Jose Setien, journaliste créateur du site bourré d'informations: toutsurlimonov



     Il n'y a que ça sur Google News, ce mardi 17 mars 2020, en fin d'après-midi : des articles sur le Covid, le confinement entré en vigueur hier, le nombre de morts, des commentaires médicaux. Pratiquement les mêmes titres qui se répètent sur la page, que je fais défiler rapidement. Et soudain, tout en bas, le choc : "Mort de l'écrivain et militant russe Édouard Limonov". J'étais rentré d'Espagne la semaine d'avant, avec l'un de ses livres récemment traduit en espagnol : "El libro de las aguas" ("Le livre de l'eau" en France). Je n'avais pas pu aller voir Limonov le présenter en grandes pompes quelques mois plus tôt à la Foire du livre du Madrid. Son premier séjour en Espagne avait été un triomphe, avec des articles et des interviews à pleines pages dans tous les grands quotidiens espagnols (El Pais, El Mundo, ABC, La Vanguardia, etc...). 
    La presse espagnole évitait de tomber dans les clichés et les contre-sens d'une certaine bien-pensance française le classant automatiquement à l'extrème-droite ! 
    En Espagne (et en Italie aussi, sans parler de la Russie), Limonov est considéré comme un révolutionnaire. Les mieux informés n'ont pas oublié son appel lancé en 2014 au moment de l'insurrection dans le Donbass. Appel intitulé "No pasaran !", et faisant référence à la création de "Brigades Internationales" : formule choisie à dessein pour souligner que les volontaires du Donbass devaient avoir le même esprit que les étrangers partis combattre en Espagne dans les rangs anti-franquistes en 1936. 
     José Setien, journaliste, créateur du site bourré d’informations : www.toutsurlimonov 

 
Kira Sapguir, Henri Sapguir, Evgueni Kropivnitski, Édouard Limonov, Elena Chapova, Arkadi Schteinguer, 1973.

Kira Sapguir:
(© traduit du russe par Thierry Marignac)
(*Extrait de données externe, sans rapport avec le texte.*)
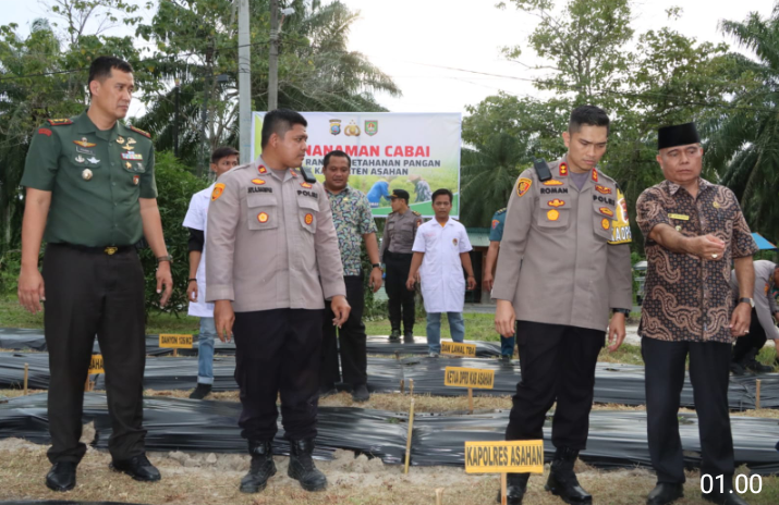 Dalam sambutannya Kapolres Asahan AKBP Roman Smaradhana Elhaj SH SIK MH mengucapkan terima kasih kepada Pemkab Asahan yang telah memberi sebanyak 5.000 bibit cabe kepada Polres Asahan untuk dibagikan ke Polsek Jajaran Polres Asahan dalam rangka ketahanan pangan guna antisipasi insplasi di Kabupaten Asahan.

Les mauvaises nouvelles se diffusent vite 
 
Sur l’internet tout de suite 
 Dans le secret est le monde entier : 
 EL franchit le Léthé ! 
 Autour de l’aviron 
 Une brume de sombre complexion. 
 Kira Sapguir, écrivain, poète, traductrice, amie de Limonov depuis les années 1970. 
 



Весть пришла 
 Сразу же по интрнету - по секрету всему свету: 
ЭЛ пересекает Лету! 
 И у весла Смуглая мгла 
 Кира Сапгир, писательница, поэт, переводчица, дружища Лимонова с 1970 годов. 
"Le vieux Pirate" recueil de poèmes dont je lui avais donné bien involontairement le titre, en le saluant un jour d'été 2010…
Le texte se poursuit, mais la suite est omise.